▶ TRY IT: Can you write out the whole listing exactly?

▶ RAW DATA:
......
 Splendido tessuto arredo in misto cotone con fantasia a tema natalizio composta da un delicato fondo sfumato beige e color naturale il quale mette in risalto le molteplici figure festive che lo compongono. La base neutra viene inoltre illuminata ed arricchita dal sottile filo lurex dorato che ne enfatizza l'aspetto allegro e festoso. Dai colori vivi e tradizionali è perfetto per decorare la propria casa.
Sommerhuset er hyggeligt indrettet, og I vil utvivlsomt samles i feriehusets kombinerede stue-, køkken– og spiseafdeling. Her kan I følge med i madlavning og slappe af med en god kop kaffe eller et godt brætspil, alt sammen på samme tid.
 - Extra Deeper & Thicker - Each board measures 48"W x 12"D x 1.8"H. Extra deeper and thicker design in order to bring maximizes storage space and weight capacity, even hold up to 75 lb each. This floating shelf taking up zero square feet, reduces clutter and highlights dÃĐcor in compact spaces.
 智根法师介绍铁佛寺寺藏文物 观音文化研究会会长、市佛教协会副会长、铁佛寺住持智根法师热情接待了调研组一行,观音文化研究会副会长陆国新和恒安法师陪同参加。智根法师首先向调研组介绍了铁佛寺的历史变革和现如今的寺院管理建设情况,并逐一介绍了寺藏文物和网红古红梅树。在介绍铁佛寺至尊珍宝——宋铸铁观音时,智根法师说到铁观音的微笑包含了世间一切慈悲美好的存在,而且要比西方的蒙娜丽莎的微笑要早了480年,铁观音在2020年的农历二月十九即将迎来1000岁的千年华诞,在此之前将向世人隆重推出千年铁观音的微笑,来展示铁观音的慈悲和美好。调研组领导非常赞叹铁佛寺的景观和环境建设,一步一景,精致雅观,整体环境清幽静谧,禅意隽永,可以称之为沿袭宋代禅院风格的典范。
......
▶ TASK OUTPUT:
 Splendido tessuto arredo in misto cotone con fantasia a tema natalizio composta da un delicato fondo sfumato beige e color naturale il quale mette in risalto le molteplici figure festive che lo compongono. La base neutra viene inoltre illuminata ed arricchita dal sottile filo lurex dorato che ne enfatizza l'aspetto allegro e festoso. Dai colori vivi e tradizionali è perfetto per decorare la propria casa.
Sommerhuset er hyggeligt indrettet, og I vil utvivlsomt samles i feriehusets kombinerede stue-, køkken– og spiseafdeling. Her kan I følge med i madlavning og slappe af med en god kop kaffe eller et godt brætspil, alt sammen på samme tid.
 - Extra Deeper & Thicker - Each board measures 48"W x 12"D x 1.8"H. Extra deeper and thicker design in order to bring maximizes storage space and weight capacity, even hold up to 75 lb each. This floating shelf taking up zero square feet, reduces clutter and highlights dÃĐcor in compact spaces.
 智根法师介绍铁佛寺寺藏文物 观音文化研究会会长、市佛教协会副会长、铁佛寺住持智根法师热情接待了调研组一行,观音文化研究会副会长陆国新和恒安法师陪同参加。智根法师首先向调研组介绍了铁佛寺的历史变革和现如今的寺院管理建设情况,并逐一介绍了寺藏文物和网红古红梅树。在介绍铁佛寺至尊珍宝——宋铸铁观音时,智根法师说到铁观音的微笑包含了世间一切慈悲美好的存在,而且要比西方的蒙娜丽莎的微笑要早了480年,铁观音在2020年的农历二月十九即将迎来1000岁的千年华诞,在此之前将向世人隆重推出千年铁观音的微笑,来展示铁观音的慈悲和美好。调研组领导非常赞叹铁佛寺的景观和环境建设,一步一景,精致雅观,整体环境清幽静谧,禅意隽永,可以称之为沿袭宋代禅院风格的典范。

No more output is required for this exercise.